◆ **Supplied material**
########################################
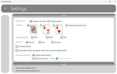 Solo Whist Deluxe allows one player to play a complete game of random deal Solo Whist against three computer controlled opponents. At the end of play all four hands are displayed followed by the score. Features random hand generation, session data, claim tricks, rebid/replay, high card point deals and print hand options.
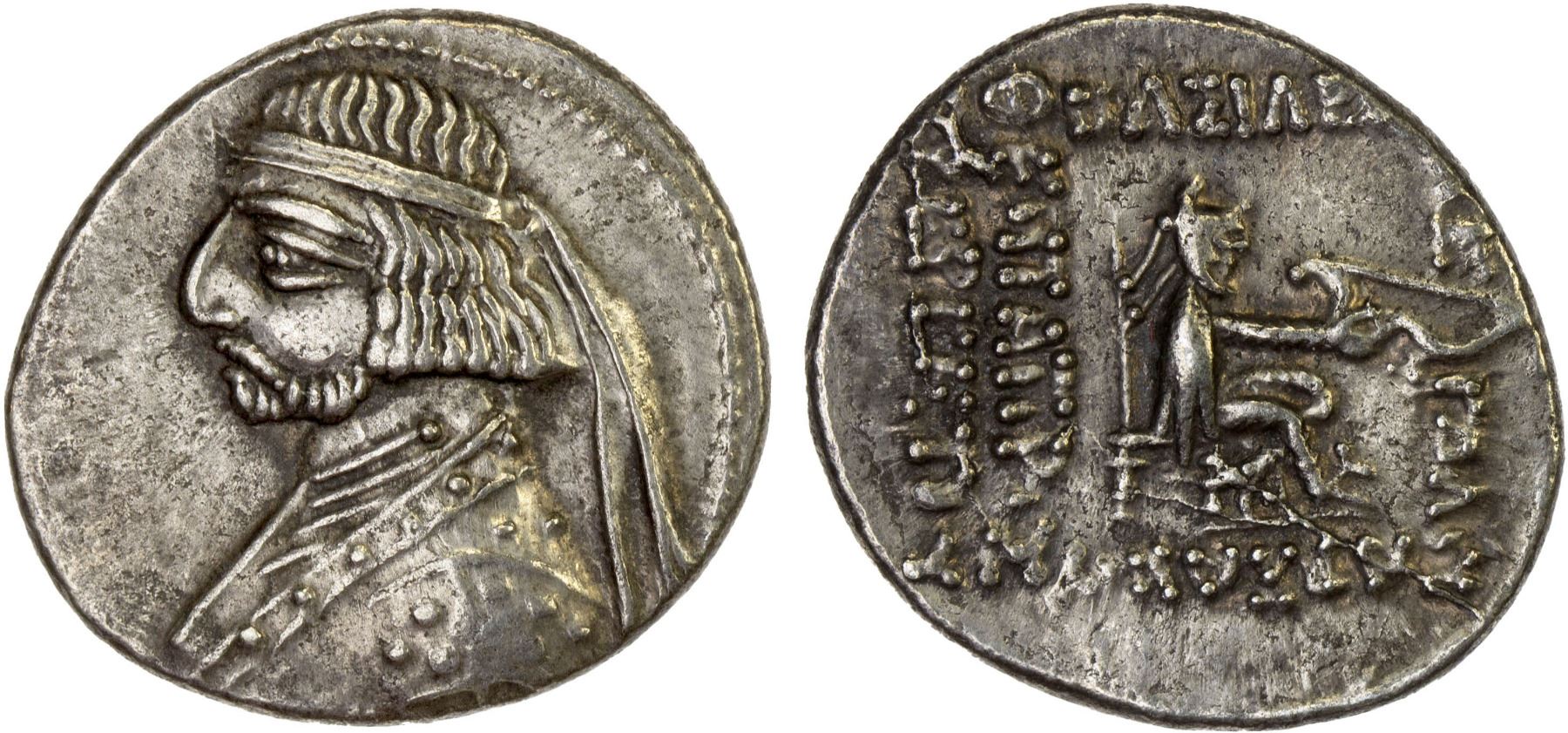 PARTHIAN KINGDOM: Orodes I, ca. 90-77 BC, AR drachm (4.00g), Shore-131 ff, bare-headed, wearing diadem, short beard, 5-line legend on reverse; lovely portrait, XF.
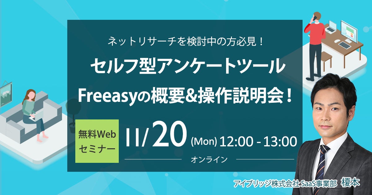 ネットリサーチの費用を見直したい方必見!【無料オンラインセミナー 11月20日(月)12時~】セルフ型アンケートツールFreeasyの概要&操作説明会
########################################
◆ **Task requirements**
Write the material out again exactly as it appears, dropping the pictures.

◆ **Completed task**
 Solo Whist Deluxe allows one player to play a complete game of random deal Solo Whist against three computer controlled opponents. At the end of play all four hands are displayed followed by the score. Features random hand generation, session data, claim tricks, rebid/replay, high card point deals and print hand options.
 PARTHIAN KINGDOM: Orodes I, ca. 90-77 BC, AR drachm (4.00g), Shore-131 ff, bare-headed, wearing diadem, short beard, 5-line legend on reverse; lovely portrait, XF.
 ネットリサーチの費用を見直したい方必見!【無料オンラインセミナー 11月20日(月)12時~】セルフ型アンケートツールFreeasyの概要&操作説明会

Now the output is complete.